-- PROVIDED INFORMATION follows --

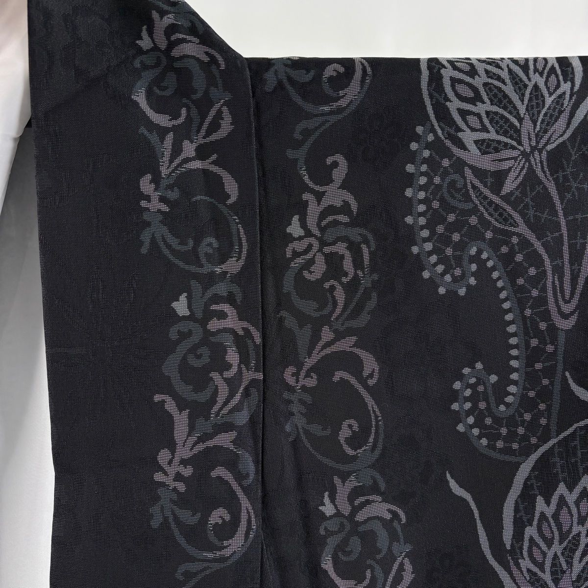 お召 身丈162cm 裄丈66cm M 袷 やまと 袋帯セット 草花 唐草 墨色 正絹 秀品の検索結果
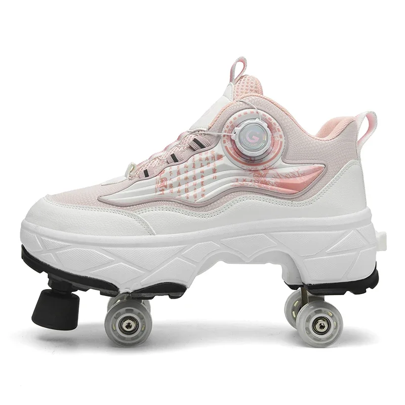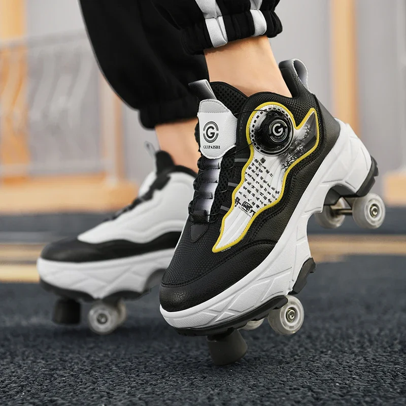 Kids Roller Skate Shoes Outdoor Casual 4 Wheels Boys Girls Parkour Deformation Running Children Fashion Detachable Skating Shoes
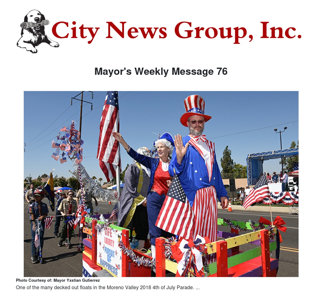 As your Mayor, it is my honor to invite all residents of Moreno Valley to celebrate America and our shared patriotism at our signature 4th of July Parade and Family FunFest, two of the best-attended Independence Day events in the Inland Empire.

-- PROVIDED INFORMATION concluded --
-- PROVIDED INFORMATION follows --

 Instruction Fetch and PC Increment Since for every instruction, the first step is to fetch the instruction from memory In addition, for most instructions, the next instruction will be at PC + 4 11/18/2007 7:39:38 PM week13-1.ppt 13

-- PROVIDED INFORMATION concluded --

ASSIGNED TASK
From the listing above, repeat only the lines between the line containing "お召 身丈162cm 裄丈66cm" and the line containing "As your Mayor, it", those two included. Pictures are not part of the copy.

WRITTEN RESPONSE
 お召 身丈162cm 裄丈66cm M 袷 やまと 袋帯セット 草花 唐草 墨色 正絹 秀品の検索結果
 Kids Roller Skate Shoes Outdoor Casual 4 Wheels Boys Girls Parkour Deformation Running Children Fashion Detachable Skating Shoes
 As your Mayor, it is my honor to invite all residents of Moreno Valley to celebrate America and our shared patriotism at our signature 4th of July Parade and Family FunFest, two of the best-attended Independence Day events in the Inland Empire.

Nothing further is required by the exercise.